Your objective:
An exact copy of the entries below is needed, with every picture left out.

━━━ Data to process ━━━

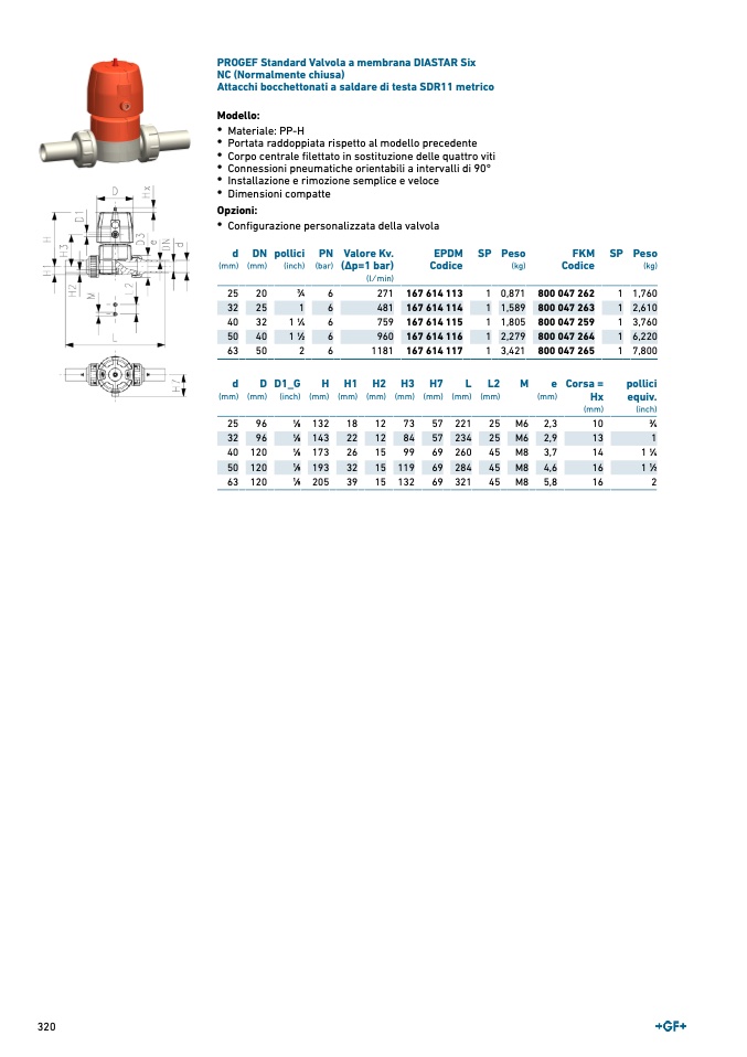 PROGEF Standard Valvola a membrana DIASTAR Six
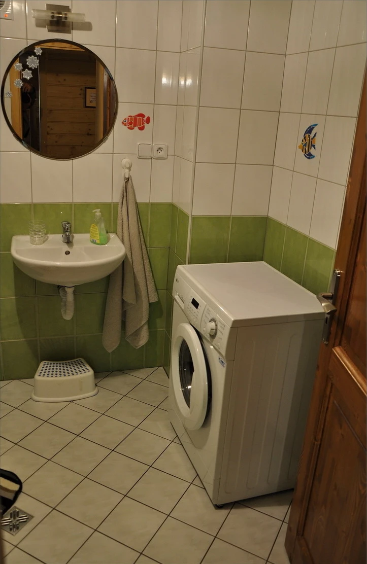 K dispozici jsou dvě koupelny – jedna se sprchovým koutem, pračkou a toaletou, druhá s vanou, plus samostatná toaleta na konci chodby. V přízemí se nachází technická místnost s bojlerem.
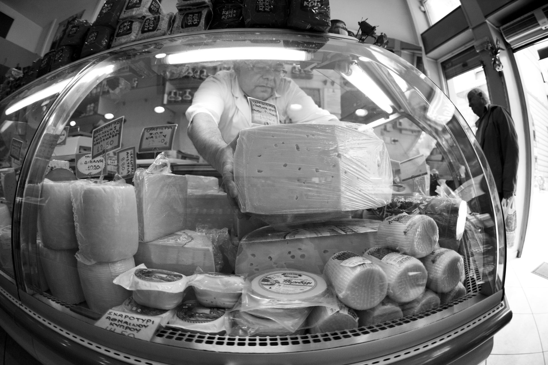 Στο λιμάνι του Πειραιά, τα παντοπωλεία της οδού Αριστείδου κλείνουν το ένα μετά το άλλο. Μόνο στο νούμερο 25, βρήκα ζωή και κάποια πελατεία, στο παλιό τυροπωλείο της Χήρας που πουλά εδώ και 60 χρόνια την πιο ωραία φέτα της Αθήνας –μία βουτυράτη φέτα-φετίχ που αξίζει να την δοκιμάσεις ακόμη κι αν βρίσκεσαι στην άλλη μεριά της γης.
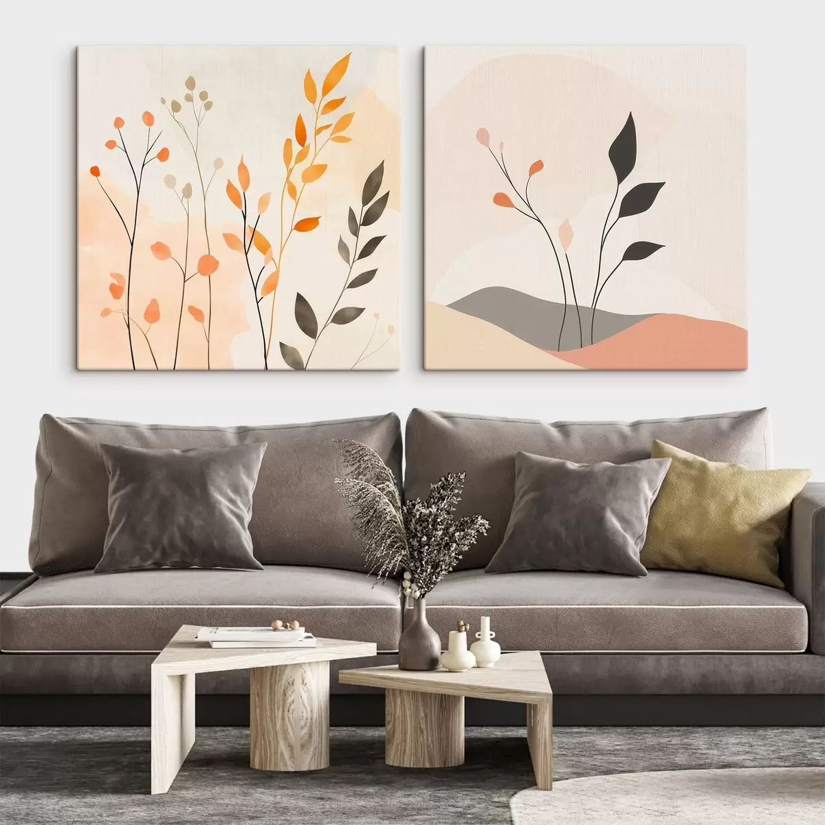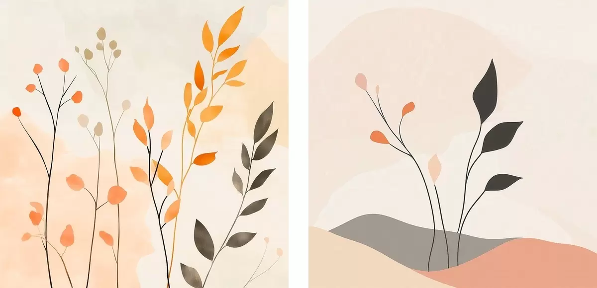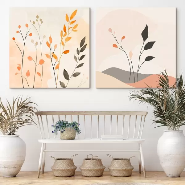 Obraz Kwiatowy dyptyk w ciepłych odcieniach beżu i koralowca z graficznymi liniami w minimalistycznym stylu m30363
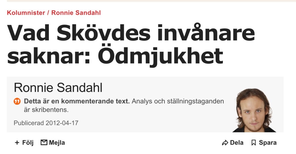 Hans sammanfattning av det som präglar Skövde: Tomhet, dumhet, högfärd och en monumental självöverskattning
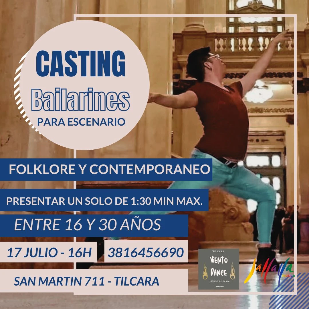 Se abre la convocatoria para bailarines de folklore y contemporáneo, de entre 16 y 30 años, para formar parte de nuestro equipo de eventos en Tilcara, Jujuy.
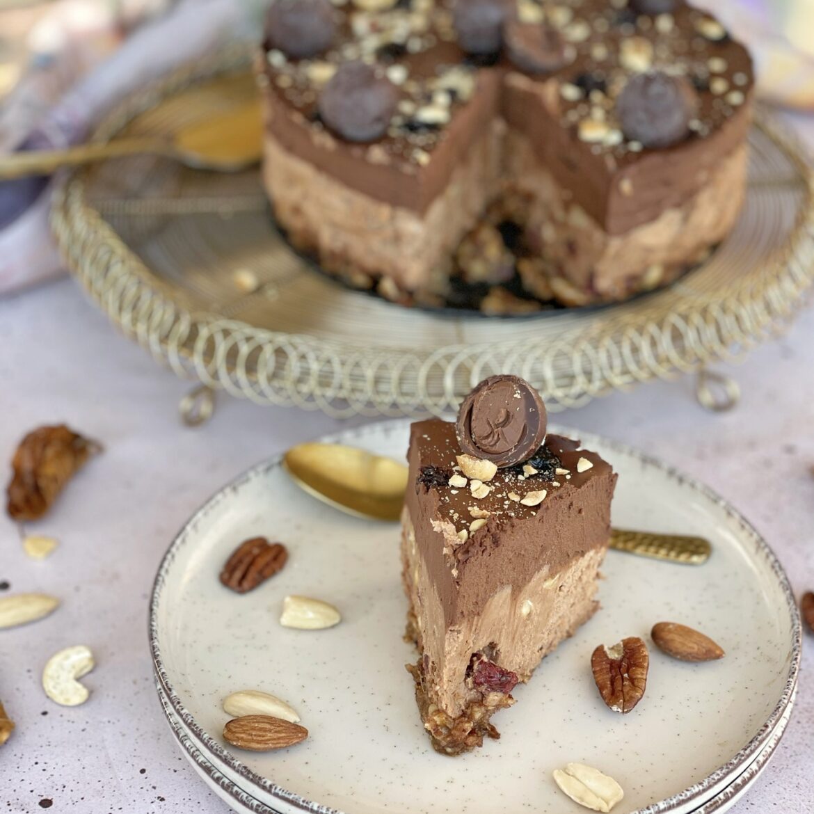 Zagrijete kokosovo mlijeko, dodate čokoladu i istopite. Prelijete preko kore i lagano ubacite višnje. Ostavite da se malo stisne i onda pospite sa Hanu miksom, Lindor kuglicama i uživajte

━━━

Output of the task:
 PROGEF Standard Valvola a membrana DIASTAR Six
 K dispozici jsou dvě koupelny – jedna se sprchovým koutem, pračkou a toaletou, druhá s vanou, plus samostatná toaleta na konci chodby. V přízemí se nachází technická místnost s bojlerem.
 Στο λιμάνι του Πειραιά, τα παντοπωλεία της οδού Αριστείδου κλείνουν το ένα μετά το άλλο. Μόνο στο νούμερο 25, βρήκα ζωή και κάποια πελατεία, στο παλιό τυροπωλείο της Χήρας που πουλά εδώ και 60 χρόνια την πιο ωραία φέτα της Αθήνας –μία βουτυράτη φέτα-φετίχ που αξίζει να την δοκιμάσεις ακόμη κι αν βρίσκεσαι στην άλλη μεριά της γης.
 Obraz Kwiatowy dyptyk w ciepłych odcieniach beżu i koralowca z graficznymi liniami w minimalistycznym stylu m30363
 Hans sammanfattning av det som präglar Skövde: Tomhet, dumhet, högfärd och en monumental självöverskattning
 Se abre la convocatoria para bailarines de folklore y contemporáneo, de entre 16 y 30 años, para formar parte de nuestro equipo de eventos en Tilcara, Jujuy.
 Zagrijete kokosovo mlijeko, dodate čokoladu i istopite. Prelijete preko kore i lagano ubacite višnje. Ostavite da se malo stisne i onda pospite sa Hanu miksom, Lindor kuglicama i uživajte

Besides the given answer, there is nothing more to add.